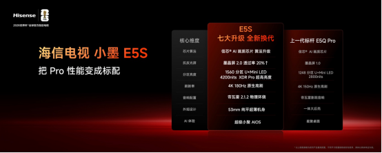 4月22日,海信举行了主题为“好电视的新答案”2026海信电视小墨E5系列新品发布会,正式推出全新一代产品——RGB-Mini LED电视爆款王小墨E5S Pro,以及Mini LED电视口碑王小墨E5S。作为2025年全网销冠的全新进化之作,小墨E5S Pro以革命性的RGB-Mini LED显示技术普及为核心,带来原生色彩、舒适视觉、绿色节能全方位跨代体验;小墨E5S则将过往Pro级的满血配置全面普及为标配,精准解决了传统电视屏幕反光、轻薄机身与好声音矛盾、色彩失真三大核心痛点,重塑Mini LED品质标杆。
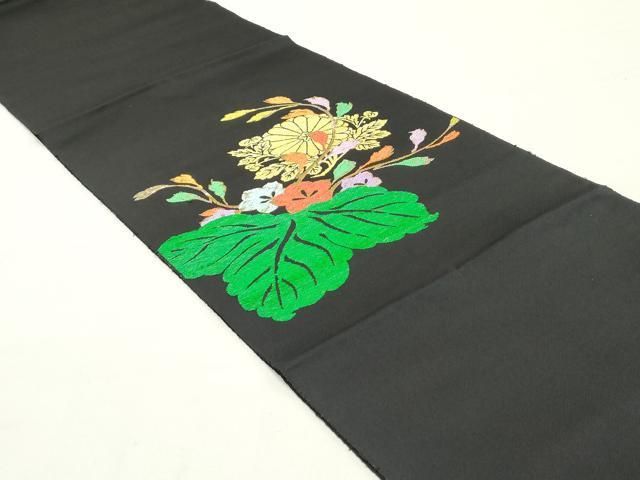 平和屋着物 八寸名古屋帯 吉祥桐菊文 黒地 金糸 正絹 ob
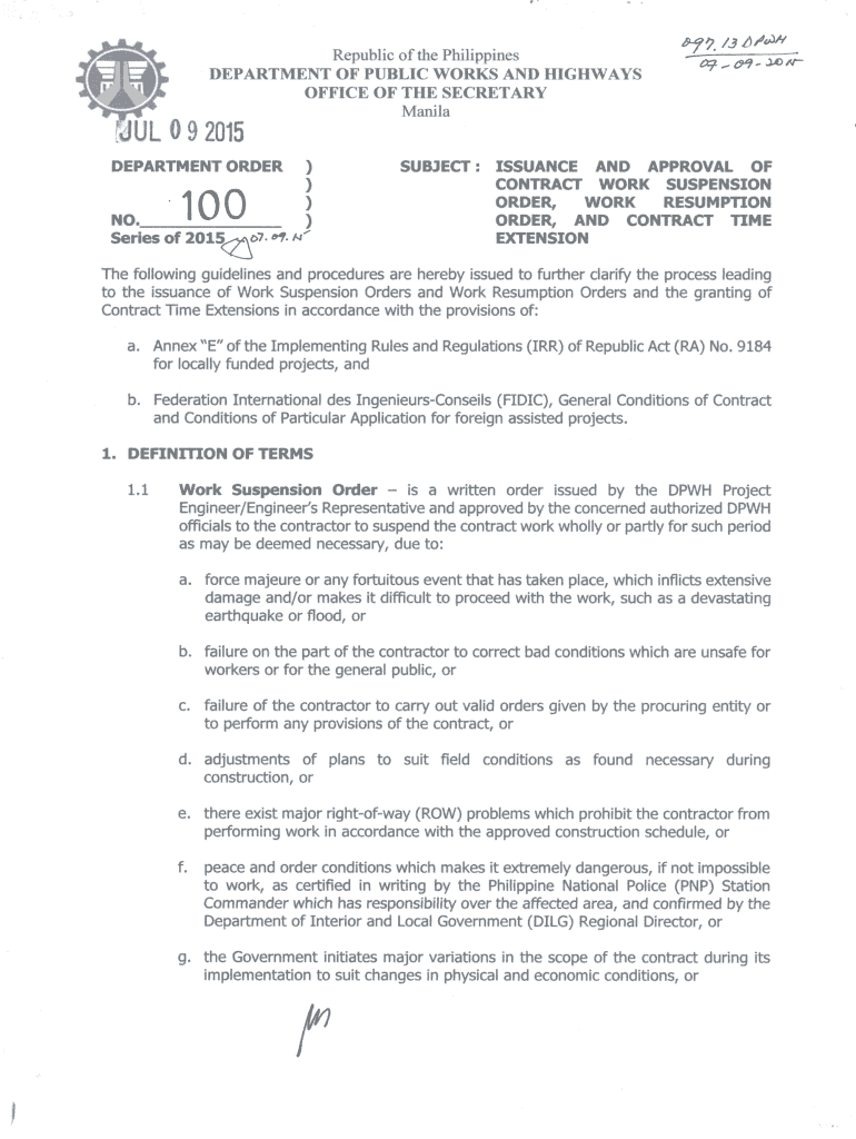 B 'J./.3 f), JT,J1iRepublic of the PhilippinesDEPARTMENT OF PUBLIC WORKS AND HIGHWAYS OFFICE OF THE Secretary. ManilaDEPARTMENTORDER)).100)NO. Series of20152 ':f7. “, .) /I “SUBJECT: ISSUANCE

|---|

## Instructions to follow
Everything in the preceding material must be transcribed exactly, except the images.

## Expected output
 4月22日,海信举行了主题为“好电视的新答案”2026海信电视小墨E5系列新品发布会,正式推出全新一代产品——RGB-Mini LED电视爆款王小墨E5S Pro,以及Mini LED电视口碑王小墨E5S。作为2025年全网销冠的全新进化之作,小墨E5S Pro以革命性的RGB-Mini LED显示技术普及为核心,带来原生色彩、舒适视觉、绿色节能全方位跨代体验;小墨E5S则将过往Pro级的满血配置全面普及为标配,精准解决了传统电视屏幕反光、轻薄机身与好声音矛盾、色彩失真三大核心痛点,重塑Mini LED品质标杆。
 平和屋着物 八寸名古屋帯 吉祥桐菊文 黒地 金糸 正絹 ob
 B 'J./.3 f), JT,J1iRepublic of the PhilippinesDEPARTMENT OF PUBLIC WORKS AND HIGHWAYS OFFICE OF THE Secretary. ManilaDEPARTMENTORDER)).100)NO. Series of20152 ':f7. “, .) /I “SUBJECT: ISSUANCE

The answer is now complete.